Their version of the Moon walk is becoming home to Indy Racing League's offices and many of its teams; the Colts--relocated from Baltimore; the National Collegiate Athletic Association (NCAA)--relocated from Kansas City; and the Nation Federation of State High Associations, the national offices of USA Gymnastics, USA Diving, US Synchronized Swimming and USA Track and Field--all relocated from Colorado Springs. Indy also is home to the headquarters of three collegiate athletic conferences: Horizon, Great Lakes Valley and Heartland. And along with hosting the Big Ten Conferences annually, Indy lays down the red carpet, too for three major auto races: the Indianapolis 500, the Brickyard 400 and the Red Bull Indianapolis Grand Prix.


I have read many plans surrounding the reinvention of a place or a region. I find it amazing that none of the plans includes a Moon short or a single, focused vision for what we should aspire to become. The plans talk of tax increases or tax cuts. Expanding government or shrinking it. They talk of insurance, trouble areas and Economic Development.

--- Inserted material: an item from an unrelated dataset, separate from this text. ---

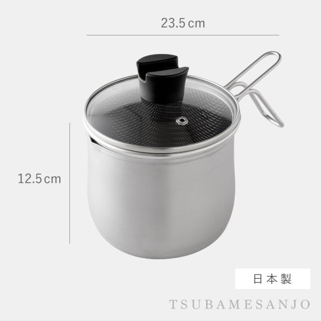 ■サイズ:鍋本体/幅23.5×奥行15×高さ17.5cm(ガラス蓋含む)、鍋内径/14×深さ12.5×底厚0.7mm、ストレーナー/幅22.5×奥行15×高さ12.5cm、ガラス蓋/直径15×高さ5.5cm
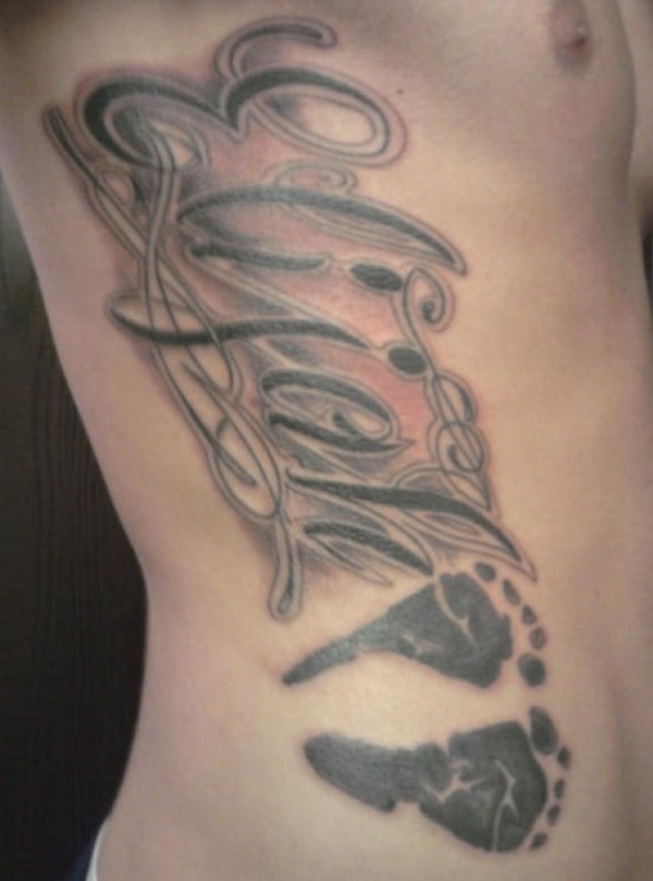 侧肋花体字母和小孩脚印纹身图案

But none talk of the one great thing we can become. When challenged on their lack of vision, the authors of these plans all talk about how hard or messy or difficult it would be to create one great vision of greatness. I am reminded of President Kennedy's words when he was faced with critics who wanted to be incremental, he said, "We choose to go to the Moon in this decade and do other things, not because they are easy, but because they are hard."

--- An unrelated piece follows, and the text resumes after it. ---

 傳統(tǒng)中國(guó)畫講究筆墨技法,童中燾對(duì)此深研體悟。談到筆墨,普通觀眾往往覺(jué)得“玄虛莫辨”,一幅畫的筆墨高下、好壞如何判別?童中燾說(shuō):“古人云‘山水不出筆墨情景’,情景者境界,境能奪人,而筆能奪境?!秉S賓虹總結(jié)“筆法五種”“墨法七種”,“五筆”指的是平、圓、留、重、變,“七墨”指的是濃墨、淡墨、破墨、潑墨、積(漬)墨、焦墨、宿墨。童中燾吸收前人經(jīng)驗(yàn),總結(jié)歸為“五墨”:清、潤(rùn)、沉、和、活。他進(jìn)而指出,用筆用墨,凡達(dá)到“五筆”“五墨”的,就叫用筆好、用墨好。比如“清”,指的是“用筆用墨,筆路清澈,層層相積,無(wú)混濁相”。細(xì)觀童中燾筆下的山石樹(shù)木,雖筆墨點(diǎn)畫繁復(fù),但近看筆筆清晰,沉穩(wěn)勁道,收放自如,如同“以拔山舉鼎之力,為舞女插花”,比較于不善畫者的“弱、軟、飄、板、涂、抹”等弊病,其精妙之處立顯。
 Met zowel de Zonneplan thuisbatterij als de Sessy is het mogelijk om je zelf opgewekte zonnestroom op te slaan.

I intellectually understand that incrementalism is safe and the path is easy to see but what we need is not jut smart, hard-working people. We need smart, hard-working people who have a vision in their hearts, no just their heads. We need leaders at every level to cast a vision so great that without divine intervention it is doomed to fail. Small plans don't stir the souls of men. We yearn for a great vision of who we can become, not 98-point plans of whom is to blame.

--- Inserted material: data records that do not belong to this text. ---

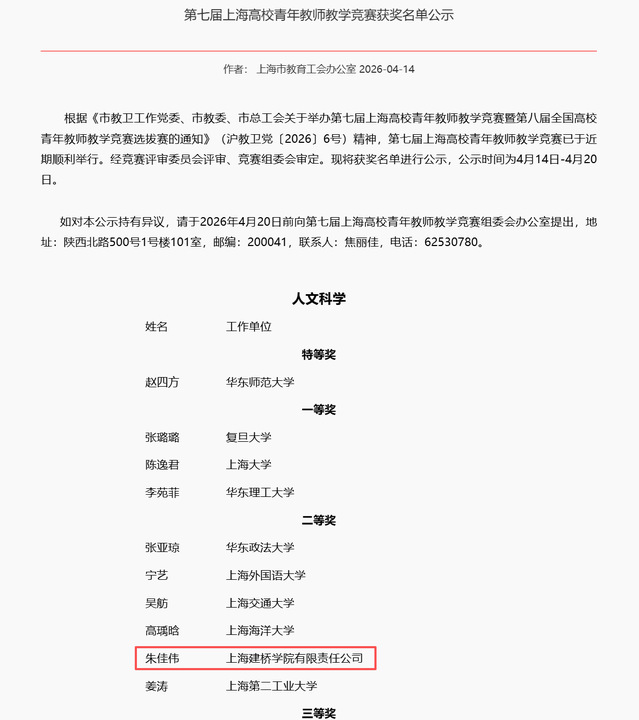 在近日举办的第七届上海高校青年教师教学竞赛中,新闻传播学院教师朱佳伟凭借扎实的教学功底、创新的课程设计与鲜明的产教融合特色,从全市65所高校的275名参赛教师中脱颖而出,荣获人文科学组二等奖。这也是除高职高专组别外,唯一跻身二等奖及以上行列的民办高校教师。
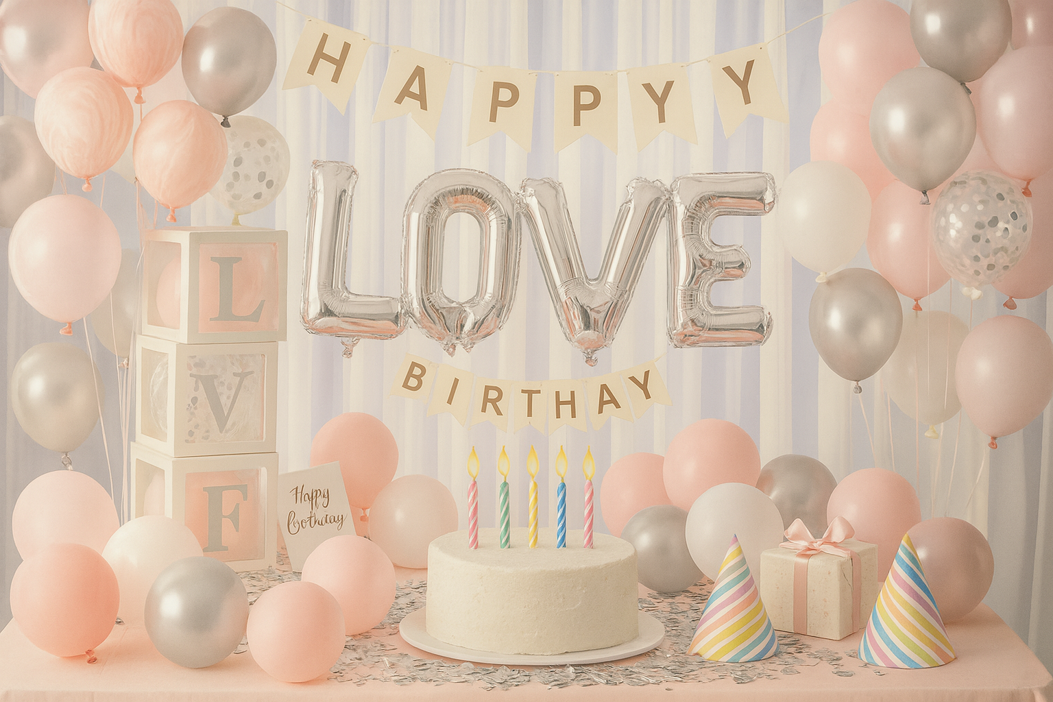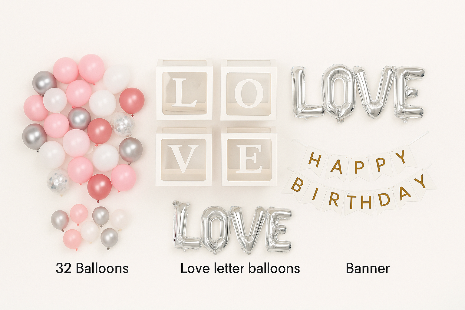 The Happy Birthday LOVE Balloon Decoration Set is the perfect choice for creating a warm, elegant, and festive atmosphere for birthday celebrations. This set includes shiny silver LOVE foil balloons, a Happy Birthday banner, colorful latex balloons, and stylish decorative elements that easily transform any space into a party venue.
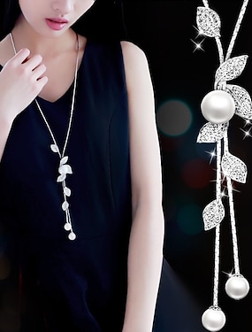damhalsband 1 st bladhänge metalllegering långt halsband chic bladformade kedja smycken halsband (silver guld, en storlek)

As I write this, I am watching the Olympics. There is not a better example of single vision and focus than that of elite Olympic athletes. The fitness and focus of Olympic athletes is legendary. But what makes them so special is as Stephen Covey, The Seven Habits guy would say, "The begin with the end in mind"--winning a Gold Medal, PERIOD. They see themselves on the stand with the medal around their neck, they see themselves making the perfect performance, they hear the roar of the crow and they see disappointment on the faces of their competitors. It is this vision, this focus, that pushes them in the hard and lonely days of training. It is what keeps them eating the correct diet. It is this focus that becomes their single vision for greatness.


Need more examples of what can be done with an aspirational vision? Think of the Live Music Capital of the World: Austin, Texas. Yes, the place that famously promotes their community vision as "Keep Austin Weird." In Austin, with its state capital, university and computer industry, it would have ben easy to just stay the course and incrementally grow but that is not their way. The Live Music Capital of the World is more than a slogan. It is their commitment to their of being the Capital of the Creative Economy.


Reinvention takes a red hot, focused vision that will inspire personal sacrifice and a commitment to achieve--as President Kennedy challenged--something that is not easy but hard.